Mills also engaged in a high-profile confrontation with LePage over General Assistance for asylum seekers. She sided with the Maine Municipal Association, Portland and other communities when LePage threatened to withhold funding.

As governor, Mills rewrote the strict, LePage-era eligibility rules for asylum seekers to receive GA to ensure that all asylum seekers who had been excluded by LePage, including the victims of human trafficking, would be eligible for assistance. Mills has supported efforts to reduce the amount of time asylum seekers need to wait before they can work.

Mills has not taken steps to unwind the state-funded TANF rule approved by the LePage administration, but she worked with the Legislature to restore MaineCare eligibility for noncitizen children under 21 and pregnant women who are not citizens.

That came in response to the sudden arrival of hundreds of migrant families that entered the U.S. through the southern border to seek asylum and traveled to Portland in 2019. Virtually all of these migrant families were from sub-Saharan Africa, including Angola and the Democratic Republic of Congo.


Over the last two years, the number of asylum seekers coming to Portland has grown. The Mills administration helped secure hotel rooms to shelter the migrants, and other people seeking housing, during the pandemic.
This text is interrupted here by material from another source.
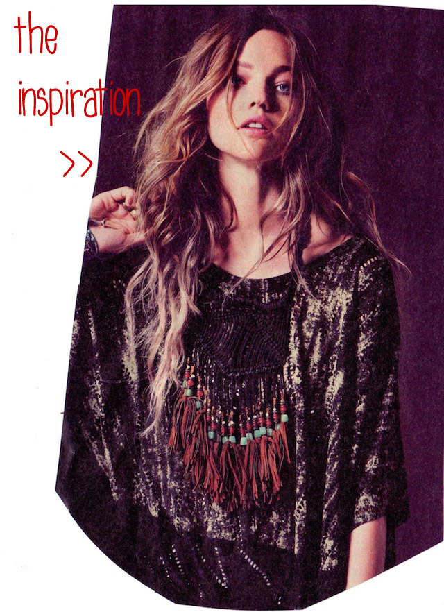 My inspiration for this necklace came from this clipping I pulled out of a Free People catalog a long time ago. I can't find the necklace online anywhere so here's my scanned picture. (Speaking of Free People, I am so stoked that I won this Free People dress today from my favorite fashion blogger Folake Huntoon!!! I never win anything. This is miraculous. Also, I'm not saying Folake is my favorite just because I won. See. She is legitimately my real-life style icon.)

The cost of those rooms is being covered by federal funding. That funding is set to expire soon, although a spokesperson for the Department of Health and Human Services said no date has been announced. So the Legislature added $10 million in additional General Assistance funding in Mills’ supplemental budget to help offset costs in the event federal funding is not renewed.

And Mills allocated an additional $22 million to secure transitional housing for asylum seekers, and others experiencing homelessness. A spokesperson said that $750,000 in funding has been invested into a new partnership with the Immigrant Legal Advocacy Project, a Portland nonprofit that helps asylum seekers with their applications for asylum and work permits.

Mills also has increased investments in English language programs, which are key to helping asylum seekers become integrated into the community and gain meaningful employment.

Mills increased adult education funding by 14 percent since taking office in January 2019, including a $1.2 million increase specifically in adult education workforce development funding, according to a 2021 release from the Department of Education.

Mills’ steps to support noncitizens have nevertheless fallen short of some advocates’ hopes.


Immigrant leaders, as well as elected and administrative officials in Portland, issued a very public call for Mills to create a new asylum settlement office and help coordinate on-the-ground services, such as transportation, food, medicine and other services that are currently being delivered by area nonprofits.

At the time, a spokesperson for Mills said the governor would consider the request.

When asked in an interview with the Press Herald last month where her administration was in evaluating this request, Mills emphasized the steps she has already taken, without committing to do more.

“We have been doing a lot of things in different ways,” she said.